Kamal Md Mostafa, Shantanu Kazi Fahmida Haque, Teeya Shamiha Tabassum, Rahman Md Motiar, Hasan A K M Munzurul, Chivers Douglas P, Wani Tanveer A, Alshammari Atekah Hazzaa, Rachamalla Mahesh, da Silva Junior Francisco Carlos, Hossen Md Munnaf
Department of Nutrition and Food Technology, Jashore University of Science and Technology, Jashore, Bangladesh.
Department of Botany, National University, Gazipur, Bangladesh.
PLoS One. 2025 Jan 24;20(1):e0316465. doi: 10.1371/journal.pone.0316465. eCollection 2025.

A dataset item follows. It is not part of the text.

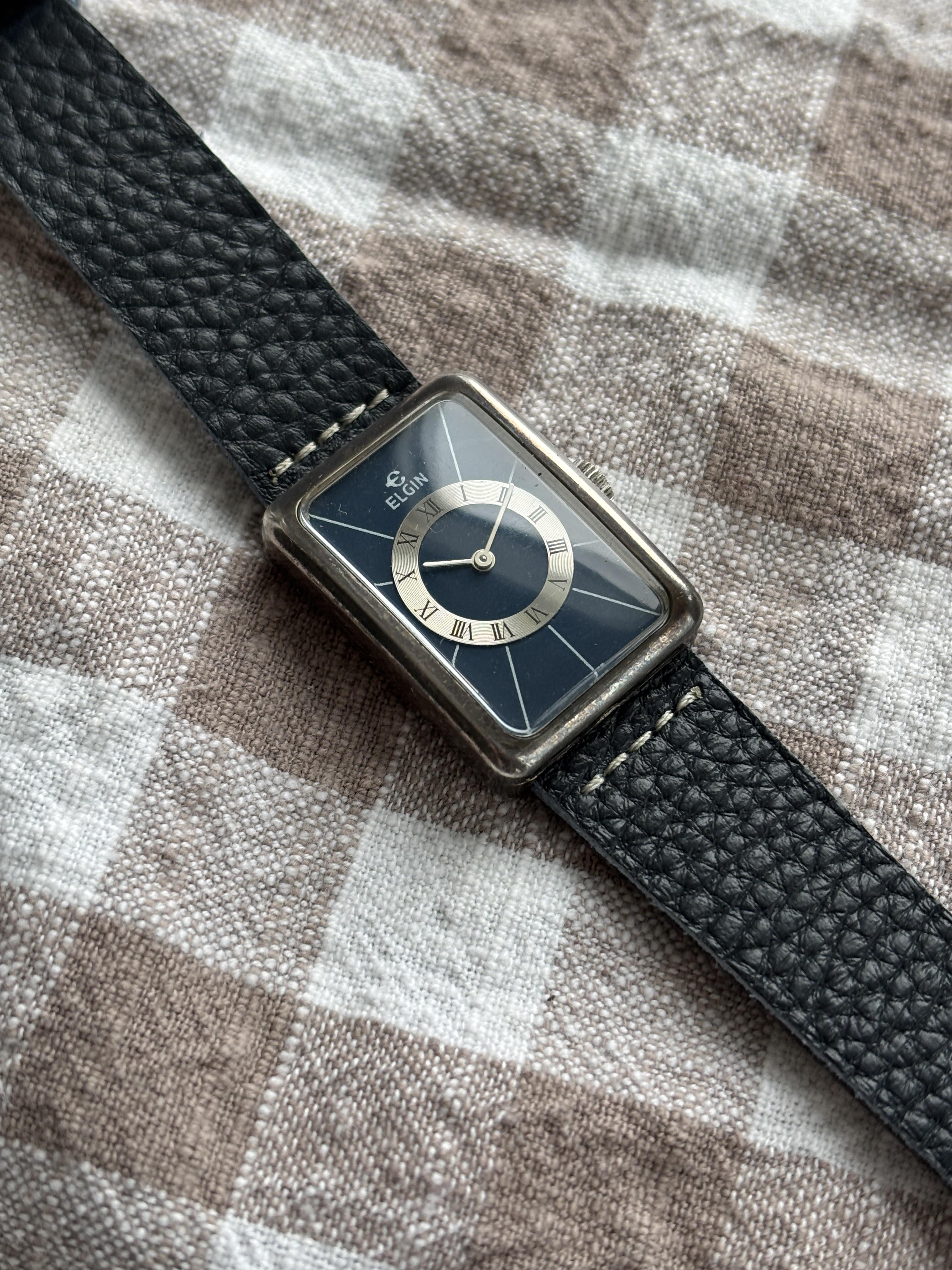 Hello everyone! For your consideration is this unique tank by Elgin. Its solid silver case measures in at 24mm. It features a lovely blue dial with an applied Roman numeral ring. Elgin was definitely paying homage to the stylings of the big players of the time with this one. [Photos](https://imgur.com/a/CnPukda) [Timestamp](https://i.imgur.com/4bMYdct.jpeg) * Case: 24mm Solid Silver * Dial: Original * Crown: Original * Movement: Swiss Manual **I’m asking $275 for this watch. I’m not looking to trade at this time, thanks.** If interested, please consider following [Crooked River Vintage](http://www.instagram.com/crookedrivervintage) on Instagram for other vintage watch offerings. I will respond more quickly to inquiries via Instagram, Reddit can be difficult for me to check during the day. Please don't hesitate to DM me with specific questions or pic requests! **I will consider all offers.** Asking price includes shipping CONUS via USPS Priority Mail. Alternative carriers and International shipping can be negotiated. I prefer PayPal F&F for payment (add 4% if Goods and Services with good feedback). As will all vintage watches, exposure to water is not recommended and total accuracy and duration cannot be guaranteed. Unless otherwise noted service history is unknown. [Please check my profile for my other offerings!](https://www.reddit.com/user/farkasvirag/submitted/) Thanks and take care everyone!
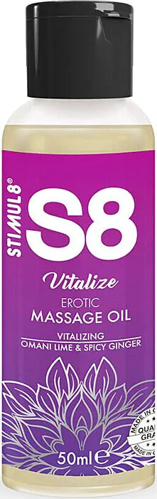 Óleo de massagem erótico S8 Vitalize em frasco de 50 ml, com aroma de lima e gengibre. Combina óleo de jojoba, amêndoas e sésamo para hidratar e deixar a pele macia. Perfeito para casais que procuram um óleo nutritivo e aromático em formato de viagem; não é indicado para uso com preservativos de látex nem para lubrificação íntima prolongada em brinquedos de silicone.

The cytotoxic T-lymphocyte antigen-4 (CTLA4) is essential in controlling T cell activity within the immune system. Thus, uncovering the molecular dynamics of single nucleotide polymorphisms (SNPs) within the CTLA4 gene is critical. We identified the non-synonymous SNPs (nsSNPs), examined their impact on protein stability, and identified the protein sequences associated with them in the human CTLA4 gene. There were 3134 SNPs (rsIDs) in our study. Out of these, 186 missense variants (5.93%), 1491 intron variants (47.57%), and 91 synonymous variants (2.90%), while the remaining SNPs were unspecified. We utilized SIFT, PolyPhen-2, PROVEAN, and SNAP for identifying deleterious nsSNPs, and SNPs&GO, PhD SNP, and PANTHER for verifying risk nsSNPs in the CTLA4 gene. Following SIFT analysis, six nsSNPs were identified as deleterious and reporting second and third nsSNPs as probably damaging and one as benign, respectively. From upstream analysis, rs138279736, rs201778935, rs369567630, and rs376038796 were found to be deleterious, probably damaging, and disease associated. ConSurf predicted conservation scores for four nsSNPs, and Project Hope suggested that all mutations could disrupt protein interactions. Furthermore, mCSM and DynaMut2 analyses indicated a decrease in ΔΔG stability for the mutants. GeneMANIA and STRING networks highlighted correlations with CD86 and CD80 genes. Finally, MD simulation revealed consistent fluctuation in RMSD and RMSF, consequently Rg, hydrogen bonds, and PCA in the mutant proteins compared with wild-type, which might alter the functional and structural stability of CTLA4 protein. The current comprehensive study shows how various nsSNPs in the CTLA4 gene can modify the structural and functional characteristics of the protein, potentially influencing the pathogenesis of diseases in humans. Further, experimental studies are needed to analyze the effect of these nsSNPs on the susceptibility of pathological phenotype populations.
细胞毒性T淋巴细胞抗原4(CTLA4)在控制系统内的T细胞活性方面至关重要。因此,揭示CTLA4基因内单核苷酸多态性(SNP)的分子动力学至关重要。我们鉴定了非同义SNP(nsSNP),研究了它们对蛋白质稳定性的影响,并确定了人类CTLA4基因中与之相关的蛋白质序列。我们的研究中有3134个SNP(rsID)。其中,186个错义变异(5.93%)、1491个内含子变异(47.57%)和91个同义变异(2.90%),其余SNP未明确分类。我们利用SIFT、PolyPhen-2、PROVEAN和SNAP来鉴定有害的nsSNP,并利用SNPs&GO、PhD SNP和PANTHER来验证CTLA4基因中的风险nsSNP。经过SIFT分析,鉴定出6个nsSNP为有害,另外分别有第二个和第三个nsSNP被报告为可能有害和良性。从上游分析来看,rs138279736、rs201778935、rs369567630和rs376038796被发现是有害的、可能有害的且与疾病相关。ConSurf预测了4个nsSNP的保守性得分,Project Hope表明所有突变都可能破坏蛋白质相互作用。此外,mCSM和DynaMut2分析表明突变体的ΔΔG稳定性降低。GeneMANIA和STRING网络突出了与CD86和CD80基因的相关性。最后,分子动力学模拟显示,与野生型相比,突变蛋白的均方根偏差(RMSD)和均方根波动(RMSF)存在一致波动,因此其回旋半径(Rg)、氢键和主成分分析(PCA)也有变化,这可能会改变CTLA4蛋白的功能和结构稳定性。当前的综合研究表明,CTLA4基因中的各种nsSNP如何改变蛋白质的结构和功能特征,可能影响人类疾病的发病机制。此外,需要进行实验研究来分析这些nsSNP对病理表型人群易感性的影响。